Question

Consider the following two statements :

Statement-I : The sum of series $1+(1+2+4)+(4+6+9)+(9+12+16)+\dots +(361+380+400)$ is $8000$.

Statement-II : $\sum _{k=1}^n\left[k^3-{\left(k-1\right)}^3\right]=n^3$.

Then which of one of the following choices is correct?

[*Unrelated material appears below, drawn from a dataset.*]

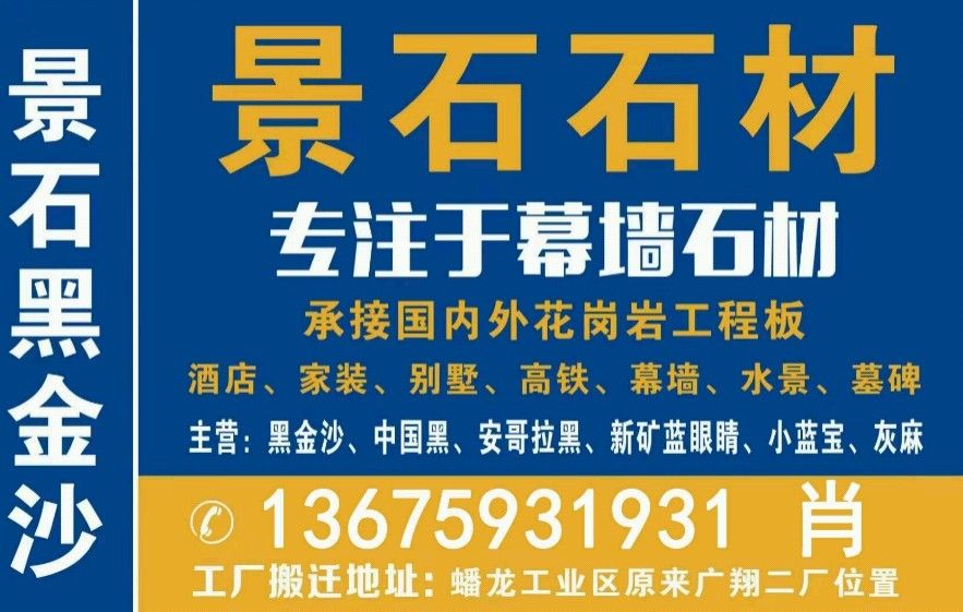 便宜黑金沙-景石石材肖總13675931931(微信同號)專業(yè)黑金沙-安格拉黑-藍珍珠-綠星-藍鉆-藍眼睛-銀珠花崗巖供應(yīng)商,工廠位于南安水頭,配有八臺大切,4臺紅外線,6臺仿形機等設(shè)備;生產(chǎn)能力強,管理規(guī)范,有實力承接中大型幕墻及園林景觀工程;追求更好的產(chǎn)品質(zhì)量是我們對客戶的宗旨;主營:印度黑金沙、安格拉黑、安哥拉黑、藍珍珠、銀珠、綠星、藍鉆、藍眼睛等石材;專注于幕墻干掛與水景工程,實力工廠,價格優(yōu)惠,真誠希望您的光臨與合作!

• A. Statement-I is incorrect and Statement-II is correct.
• B. Both Statement-I and Statement-II are correct and Statement-II is a correct explanation for Statement-I
• C. Both Statement-I and Statement-II are correct and Statement-II is not a correct explanation for Statement-I.
• D. Statement-I is correct but Statement-II is incorrect.

Answer 1

The correct option is B

Both Statement-I and Statement-II are correct and Statement-II is a correct explanation for Statement-I

Explanation for the correct option :

Step-1 : Evaluation of $\sum _{k=1}^n\left[k^3-{\left(k-1\right)}^3\right]$

Consider the Statement-II

$$\begin{gathered} \sum _{k=1}^n\left[k^3-{\left(k-1\right)}^3\right]=\left(1^3-0^3\right)+\left(2^3-1^3\right)+\left(3^3-2^3\right)+\dots +\left[n^3-{\left(n-1\right)}^3\right] \\ =n^3 \end{gathered}$$

Then for $n=20$, we get

$$\begin{gathered} \left(1^3-0^3\right)+\left(2^3-1^3\right)+\left(3^3-2^3\right)+\dots +\left({20}^3-{19}^3\right)=\sum _{k=1}^{20}\left[k^3-{\left(k-1\right)}^3\right] \\ ={20}^3 \\ =8000 \end{gathered}$$

Step-2 : Evaluation of the series in Statement-I i.e. $1+\left(1+2+4\right)+\left(4+6+9\right)+\dots +\left(361+380+400\right)$.

Here, we shall use the fact that $a^3-b^3=\left(a-b\right)\left(a^2+ab+b^2\right)$

Then

$$\begin{gathered} \left(1^3-0^3\right)+\left(2^3-1^3\right)+\left(3^3-2^3\right)+\dots +\left({20}^3-{19}^3\right)=1+\left(2-1\right)\left(2^2+2.1+1\right)+\left(3-2\right)\left(3^2+3.2+2^2\right)+\dots +\left(20-19\right)\left({20}^2+20.19+{19}^2\right) \\ =1+\left(1+2+4\right)+\left(4+6+9\right)+\dots +\left(361+380+400\right) \end{gathered}$$

Step-3 : Evaluation of the series in Statement-I i.e. $1+\left(1+2+4\right)+\left(4+6+9\right)+\dots +\left(361+380+400\right)$

From Step-1 and Step-2, we can find that

$1+\left(1+2+4\right)+\left(4+6+9\right)+\dots +\left(361+380+400\right)=8000$.

Therefore, both Statement-I and Statement-II are correct and Statement-II is the correct explanation for Statement-I

Hence, option (B) is the correct answer.